Live long and prosper.
On Sep 6, 2012, at 4:13 AM, Jay K <jay.krell at cornell.edu> wrote:
> I'm really confused but the approach and mentality here.
> I believe I understand that this is not C or C++ and that there
> are things to be gained from that.
>
>
>
> First, let me restate the "less important" questions.
> The questions I care less about.
>
>
>
> What is the interface or abstract contractual properties of TypeUID?
> It is exactly 32 bits in size?
> I doubt it, but it could be.
> At least 32 bits in size?
> Well, that is kind of unavoidable, assuming a binary computer,
> a computer that actually uses bits.
>
>
>
> No more than 32 bits in size?
>
>
>
> It can store the subrange -16_7FFFFFF - 1 .. 16_7FFFFFF?

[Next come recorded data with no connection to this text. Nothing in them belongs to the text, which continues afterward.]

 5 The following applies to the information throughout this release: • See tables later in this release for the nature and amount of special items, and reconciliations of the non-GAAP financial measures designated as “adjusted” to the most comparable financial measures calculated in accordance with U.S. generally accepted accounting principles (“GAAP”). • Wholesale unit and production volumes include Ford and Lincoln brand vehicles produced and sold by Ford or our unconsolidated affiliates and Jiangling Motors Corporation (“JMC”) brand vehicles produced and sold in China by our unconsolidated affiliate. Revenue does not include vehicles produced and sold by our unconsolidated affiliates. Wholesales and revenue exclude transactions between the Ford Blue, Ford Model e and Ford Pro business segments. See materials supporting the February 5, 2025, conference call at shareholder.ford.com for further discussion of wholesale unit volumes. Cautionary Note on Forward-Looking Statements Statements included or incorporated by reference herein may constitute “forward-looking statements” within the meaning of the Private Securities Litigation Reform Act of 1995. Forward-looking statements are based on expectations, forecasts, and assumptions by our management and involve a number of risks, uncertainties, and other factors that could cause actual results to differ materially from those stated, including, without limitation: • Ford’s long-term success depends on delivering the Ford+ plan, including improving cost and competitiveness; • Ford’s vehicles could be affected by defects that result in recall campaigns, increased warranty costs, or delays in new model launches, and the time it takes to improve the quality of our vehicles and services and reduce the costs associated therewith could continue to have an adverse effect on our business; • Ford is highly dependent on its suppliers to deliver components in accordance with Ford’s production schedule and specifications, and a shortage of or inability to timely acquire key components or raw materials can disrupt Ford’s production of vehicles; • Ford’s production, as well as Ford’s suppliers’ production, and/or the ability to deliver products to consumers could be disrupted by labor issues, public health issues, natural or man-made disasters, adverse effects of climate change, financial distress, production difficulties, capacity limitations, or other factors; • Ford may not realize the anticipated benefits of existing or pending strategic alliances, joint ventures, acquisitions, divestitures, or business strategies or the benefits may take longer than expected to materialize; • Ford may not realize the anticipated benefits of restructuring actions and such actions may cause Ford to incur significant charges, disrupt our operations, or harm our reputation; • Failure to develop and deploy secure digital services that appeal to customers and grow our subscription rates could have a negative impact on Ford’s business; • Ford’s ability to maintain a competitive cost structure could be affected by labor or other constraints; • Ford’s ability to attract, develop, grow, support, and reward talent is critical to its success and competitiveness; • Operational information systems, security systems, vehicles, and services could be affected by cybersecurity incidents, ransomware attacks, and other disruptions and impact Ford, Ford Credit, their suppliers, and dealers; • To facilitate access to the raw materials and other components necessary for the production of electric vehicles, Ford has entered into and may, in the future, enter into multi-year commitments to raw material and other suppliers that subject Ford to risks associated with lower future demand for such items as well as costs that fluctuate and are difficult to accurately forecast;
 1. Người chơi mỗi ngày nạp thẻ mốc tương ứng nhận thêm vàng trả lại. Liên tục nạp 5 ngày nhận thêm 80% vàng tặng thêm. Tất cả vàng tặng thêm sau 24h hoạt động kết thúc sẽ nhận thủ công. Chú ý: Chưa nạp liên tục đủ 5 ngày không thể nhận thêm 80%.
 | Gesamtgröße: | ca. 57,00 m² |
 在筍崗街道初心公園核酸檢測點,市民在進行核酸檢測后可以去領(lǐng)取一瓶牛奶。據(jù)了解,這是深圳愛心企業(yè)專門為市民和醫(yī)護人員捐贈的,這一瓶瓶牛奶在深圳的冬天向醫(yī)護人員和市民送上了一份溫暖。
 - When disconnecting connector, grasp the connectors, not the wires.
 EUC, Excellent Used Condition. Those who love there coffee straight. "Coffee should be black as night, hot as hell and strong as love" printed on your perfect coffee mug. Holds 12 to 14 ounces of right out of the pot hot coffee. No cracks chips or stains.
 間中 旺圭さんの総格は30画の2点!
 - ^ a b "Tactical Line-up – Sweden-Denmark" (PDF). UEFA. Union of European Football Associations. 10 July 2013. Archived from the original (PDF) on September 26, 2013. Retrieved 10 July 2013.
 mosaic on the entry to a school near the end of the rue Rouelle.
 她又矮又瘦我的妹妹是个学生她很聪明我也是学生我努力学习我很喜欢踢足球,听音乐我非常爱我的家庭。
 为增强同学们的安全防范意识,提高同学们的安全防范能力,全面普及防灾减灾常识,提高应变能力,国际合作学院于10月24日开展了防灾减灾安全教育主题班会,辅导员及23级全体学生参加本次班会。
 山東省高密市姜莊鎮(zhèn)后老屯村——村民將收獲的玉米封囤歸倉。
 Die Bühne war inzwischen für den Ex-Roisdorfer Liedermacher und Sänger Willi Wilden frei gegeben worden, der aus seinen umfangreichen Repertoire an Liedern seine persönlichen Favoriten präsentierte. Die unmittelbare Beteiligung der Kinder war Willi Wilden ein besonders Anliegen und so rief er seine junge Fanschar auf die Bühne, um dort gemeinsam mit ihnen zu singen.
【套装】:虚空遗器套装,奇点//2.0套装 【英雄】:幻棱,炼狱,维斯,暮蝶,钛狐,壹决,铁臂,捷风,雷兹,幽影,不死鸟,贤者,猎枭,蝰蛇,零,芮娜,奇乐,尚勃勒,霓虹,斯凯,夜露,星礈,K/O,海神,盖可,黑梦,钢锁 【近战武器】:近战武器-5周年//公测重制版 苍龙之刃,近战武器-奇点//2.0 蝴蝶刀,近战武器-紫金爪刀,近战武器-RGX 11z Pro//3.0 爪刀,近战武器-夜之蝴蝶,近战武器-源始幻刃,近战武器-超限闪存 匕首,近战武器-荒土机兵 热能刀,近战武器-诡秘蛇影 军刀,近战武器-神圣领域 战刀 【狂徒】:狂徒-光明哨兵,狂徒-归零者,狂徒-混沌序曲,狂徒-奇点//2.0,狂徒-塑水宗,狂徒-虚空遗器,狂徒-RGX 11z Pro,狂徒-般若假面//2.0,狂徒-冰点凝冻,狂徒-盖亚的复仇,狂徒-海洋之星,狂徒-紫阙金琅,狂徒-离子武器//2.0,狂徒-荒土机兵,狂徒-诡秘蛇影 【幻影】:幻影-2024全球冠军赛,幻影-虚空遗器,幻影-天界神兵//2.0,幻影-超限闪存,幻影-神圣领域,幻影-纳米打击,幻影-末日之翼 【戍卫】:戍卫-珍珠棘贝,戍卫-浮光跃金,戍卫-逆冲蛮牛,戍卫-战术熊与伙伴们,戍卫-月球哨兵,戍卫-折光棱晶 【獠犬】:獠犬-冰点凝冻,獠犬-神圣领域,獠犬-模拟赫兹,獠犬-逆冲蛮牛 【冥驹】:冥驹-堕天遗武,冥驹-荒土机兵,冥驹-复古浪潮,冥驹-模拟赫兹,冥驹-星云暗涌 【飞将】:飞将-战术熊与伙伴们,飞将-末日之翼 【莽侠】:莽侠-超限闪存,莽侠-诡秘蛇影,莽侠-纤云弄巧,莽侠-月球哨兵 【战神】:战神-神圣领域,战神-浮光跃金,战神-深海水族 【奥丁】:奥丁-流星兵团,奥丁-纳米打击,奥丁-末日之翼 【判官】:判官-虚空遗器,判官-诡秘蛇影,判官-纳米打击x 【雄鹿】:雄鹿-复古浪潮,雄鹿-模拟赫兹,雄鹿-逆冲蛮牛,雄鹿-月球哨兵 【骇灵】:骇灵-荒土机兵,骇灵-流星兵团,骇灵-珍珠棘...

> That seems to me to be "part of" the interface, and possibly
> the entire interface. Assuming a computing device that uses "bits",
> that does imply at least 32 bits.
> It actually conceivably does not rule out requiring 33 bits,
> as signed-magnitude requires 33 bits to represent -16_7FFFFFF - 1.
> I'm willing to believe we are not portable beyond two's complement systems.
>
>
>
> And where are these properties assumed and violating them would
> cause problems?
>
>
> parse.c says:
> /*------------------------------------------------------------- type uids ---*/
> /* Modula-3 type uids are unsigned 32-bit values. They are passed as signed
> decimal integers in the intermediate code, but converted to 6-byte, base 62
> strings of characters from here to the debugger. To avoid surprises downstream,
> these generated strings are legal C identifiers. */
>
> #define UID_SIZE 6
> #define NO_UID (0xFFFFFFFFUL)
>
>
> (Notice this does NOT agree with TypeUID -- it says they are unsigned.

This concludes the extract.